When everybody was studying for national Brazilian exams or something like that, I was thinking of studying for SATs. And I took first SAT six months after I finished high school. They didn’t have the test available in uncontracted braille, that is the kind we use in Brazil, they just had it in contracted braille, which is the kind they use in the United States. So I prepared to take my SAT orally because that was the only possibility.

And then after that I decided I needed to learn contracted braille. I found a place in Miami at Miami Lighthouse, that is the institution I went under to learn contracted braille. I learned that you have nemeth which is for math that I didn’t know before I came here.

My mainly concern when I apply here was how large the university was – it is a very big campus – how will I walk here and how to go to classes and how to do other things — how will the mobility work?

In Brazil I have not walked alone. It is hard because the sidewalks are not repaired. Our subway system is not prepared for people with disabilities. Every time I walk there I was either with my mom or my dad or anyone from my family or with some friends. So, I needed to learn again how to use a cane and get new instruction and how to actually live alone.

When I came here, it was an issue for the first time, I’m not going to lie. But I found out you had a service, paratransit, which is really helpful to bring from one class to other because as I told you it is a large campus. But it’s still having this mobility instruction was really, really helpful.

One really useful point would be to give some sort of mobility instruction for a student when he or she comes to the university. Having someone walking with the student through the buildings. For example, I just figured out you have braille on door numbers, for example room 508, I just found out a couple months ago because someone told me.

Going with the student to particular building and going with the student to the building where he or she will have classes and here is the door of the building so that is the way that you are going to do it. That will take one or at most two days and it would make all the difference.

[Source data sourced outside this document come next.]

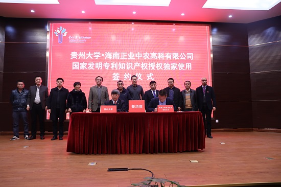会上,宋宝安、王赞鄂分别代表贵州大学与海南正业中农高科有限公司进行了国家发明专利授权独家使用签约仪式。我校将“香草硫缩病醚”专利权授权海南正业中农高科有限公司独家使用,并与其共同进行抗病毒剂产品产业化开发。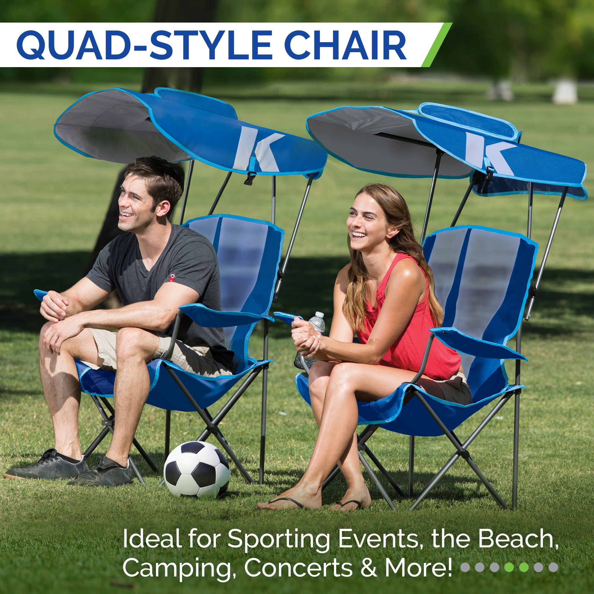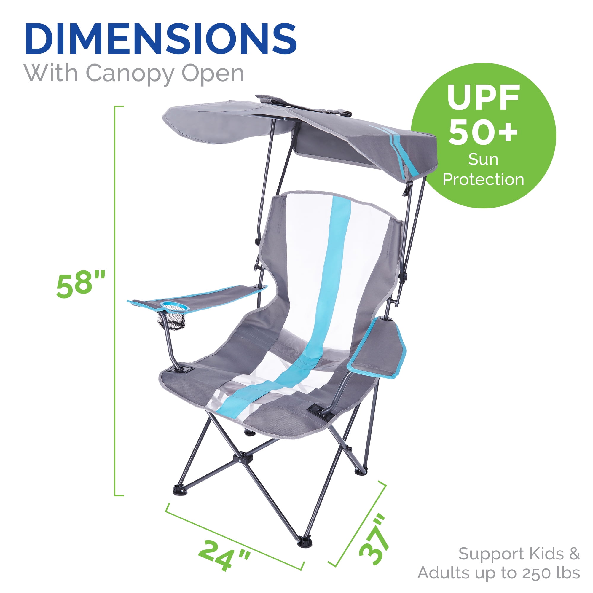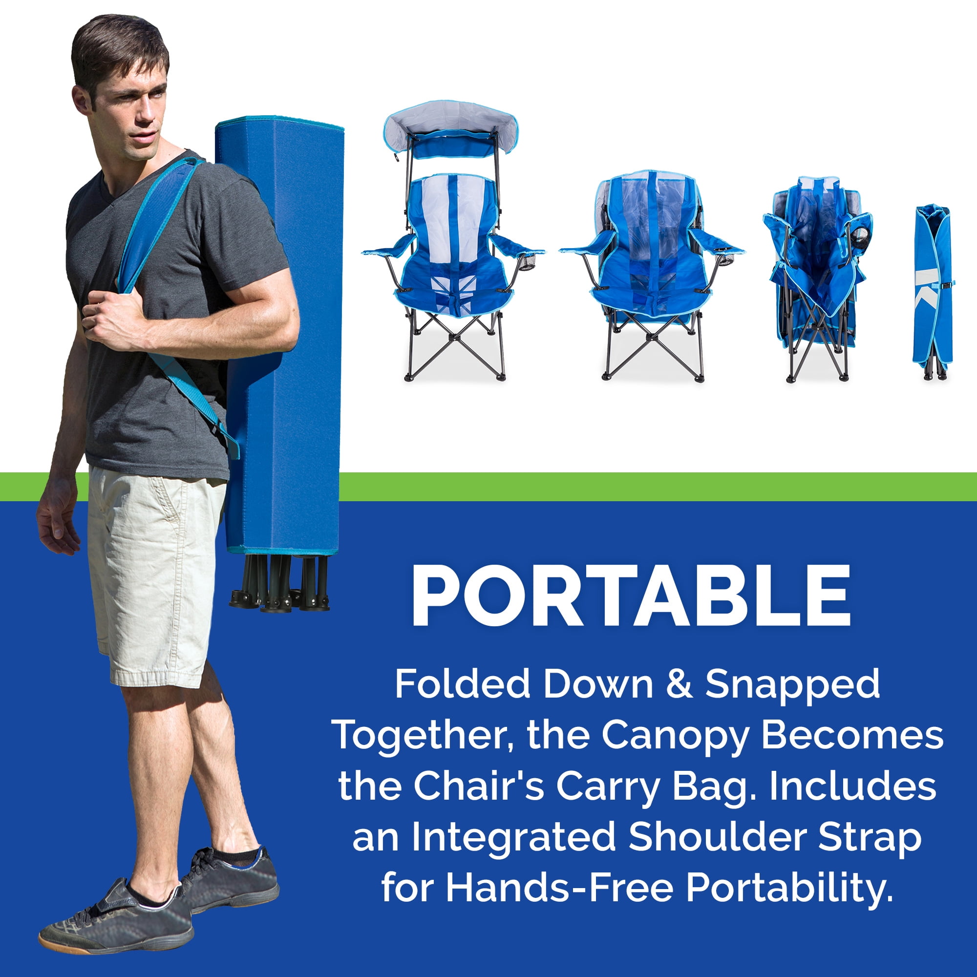 OUTDOOR CANOPY CHAIR: Converts from a quad-style camp chair into your own personal canopy-covered outdoor oasis RETRACTABLE SUN CANOPY: Protects you from the elements with 50+ UPF sun protection, and it can be lowered behind the chair while you are still seated when you want to catch some rays PORTABLE AND EASY TO CARRY: Canopy becomes the carry case when folded secured by a durable snap-lock buckle, and the attached shoulder strap provides hands-free portability – no carrying bag needed! VERSATILE USES: Perfect companion for your family camping trips, tailgating, and for watching the kids from the sidelines INCLUDES ONE LAWN CHAIR: Measures 37″L x 24″W x 58″H and can support kids and adults up to 250 lbs.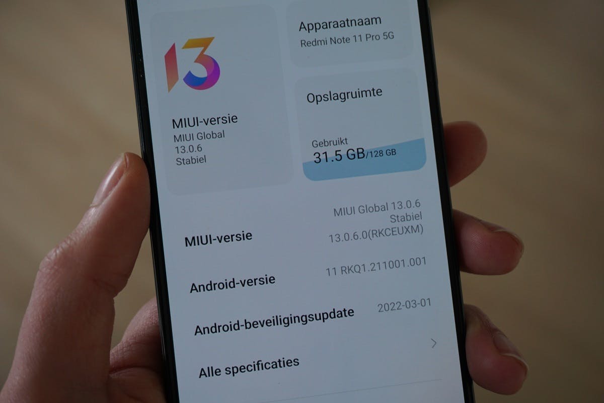 Waar ik wél over wil klagen, is de software. Helaas doe ik dat vaker bij Xiaomi-smartphones. Wat mij op de Redmi Note 11 Pro 5G stoort, is allereerst de keuze voor Android 11 in plaats van Android 12. Veel concurrerende smartphones komen netjes met versie 12 uit 2021, waar Xiaomi kiest voor de Android-versie uit 2020. Een update komt, maar op het einde van mijn testperiode (eind april 2022) is 'ie er nog niet.

When I had that meeting with you and you told me how things worked with students with disabilities and what kind of services you had and that you had students with disabilities before and you had a lot of them right now.

And another thing that was impressive with me was meeting with the advisor of the computer science department. “How will a blind guy will make this? How are you going to work with programming and work with graphs and all those things?” And the guy we speaking with, the advisor in the computer science department, he’s like “I don’t understand your concern.” That’s kind of secure feeling that he passed to us, that was really impressive. My dad was like “They know how to do this.” And I felt that too.

If in Brazil you ask how am I going to work in programming everybody is like “I have absolutely no idea.” Here they were like “do it”. That was same day I had meeting with you. That was the day I decided I’m coming here.

The experience of roommate. I came to a new country to live alone with someone I have never met before. And I had no idea how the person would be. If they would be nice? If they would be bad? Would they have a very different culture than me? Would they not be open minded about how to live with someone that is blind? That was the biggest challenge and the best part.  

The part that I needed to change myself, my personality, my way of life, how I am, in order to live in a new community that I didn’t know. It is hard but it is possible. That’s the main part. It’s possible. In the end it is possible.